A perplexidade do governo e a celebração da oposição se tornaram visíveis. O senador Randolfe Rodrigues (PT-AP) afirmou que a situação do Senado não é surpreendente, especialmente em um contexto eleitoral. O presidente do PT, Edinho Silva, reconheceu a disposição de setores do Congresso em enfraquecer o Judiciário, enquanto a ex-ministra Gleisi Hoffmann falou sobre um “grande acordão” entre a oposição e outros que visam interesses eleitorais.
Avanços e Desafios para o STF
A resposta da oposição foi contundente. Flávio Bolsonaro declarou que “o governo Lula chegou ao fim, sem respeitabilidade ou governabilidade”. Ele também mencionou que o governo está colhendo os resultados de uma postura desdenhosa em relação ao Congresso e por governar via Supremo. O ex-governador Romeu Zema (Novo) também se manifestou, celebrando a rejeição como um “gol”.
Desde o início da gestão de Lula, a falta de articulação política tem sido evidente. No dia da votação, assessores do presidente indicavam que teriam entre 45 e 48 votos a seu favor, número que não se concretizou. A oposição somou 42 votos, com muitos deles provenientes do Centrão, que recebeu uma parcela significativa de emendas recentemente. As tentativas de troca de senadores na comissão onde ocorreu a sabatina não surtiram efeito, já que a realidade no plenário foi bem diferente.

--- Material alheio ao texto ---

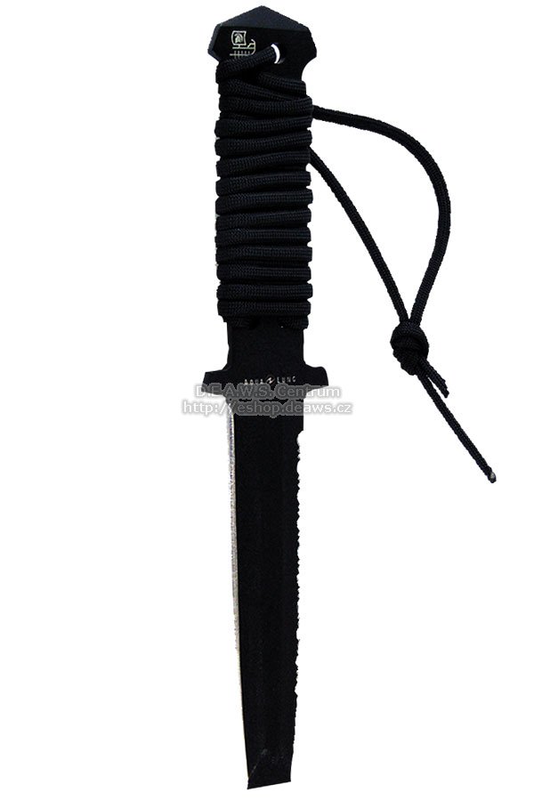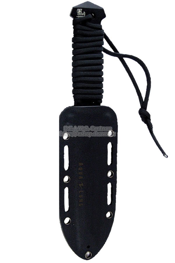 Potápěčské nože Argonaut byly navrženy tak, aby byly nejlepší a nejodolnější. Kompletní nůž je z jednoho dílu 4mm tlustého titanu obaleného dvakrát černým 5mm provázkem z EDP a zakončeného volným okem. Nůž je naostřen a má laserem vypálená loga. Pouzdro je vyrobeno z 2mm tlustého plastu Kydex a je opatřeno průchodkami (3,2mm) a laserem vypáleným logem Aqua Lung. Čepel Blunt je čepel s tupou špičkou pro páčení a šroubování se zářezy na jedné straně. Tech. data: Čepel a rukojeť jsou vyrobeny z 4mm tlustého Titanu, vysoce odolného proti korozi. Držadlo je dvojitě obaleno 5mm provázkem. Délka čepele 123,8mm, délka držadla 123,8mm. Zadní část rukojeti je uzpůsobená pro drcení a klepání. Pouzdro je z 2mm tlustého plastu Kydex se zamykáním s průchodkami 3,2mm. Otvory na pásky mají rozměry 25mm x 6,5mm. V balení jsou 2 gumové pásky.

Perspectivas e Desafios Futuros
Messias, um respeitado militante do PT e da burocracia federal, fez o possível durante a sabatina, defendendo a autocontenção do Judiciário e a harmonia entre os Poderes, além de se opor ao aborto. Sua apresentação foi bem recebida, mas a derrota no plenário foi devastadora. A pressão gerada pela rejeição pode ter reflexos até mesmo no STF, onde o ministro André Mendonça, indicado por Bolsonaro, se esforçou para garantir a aprovação de Messias.
A nova indicação para o STF ainda não tem prazo definido. A oposição sugere que a vaga seja deixada em aberto até 2027, o que apresentaria dois problemas: a falta de um ministro por um longo período e a disputa política sobre o controle do STF nas próximas eleições. Lula pode não querer abrir mão de fazer uma nova indicação, enquanto a direita busca garantir uma renovação significativa no Senado para aumentar suas chances de impeachment de magistrados. O cenário é tenso, e os próximos meses indicarão como Lula irá lidar com essa situação, que, embora não ameace as instituições, traz desafios inegáveis à sua governabilidade e à estabilidade do STF.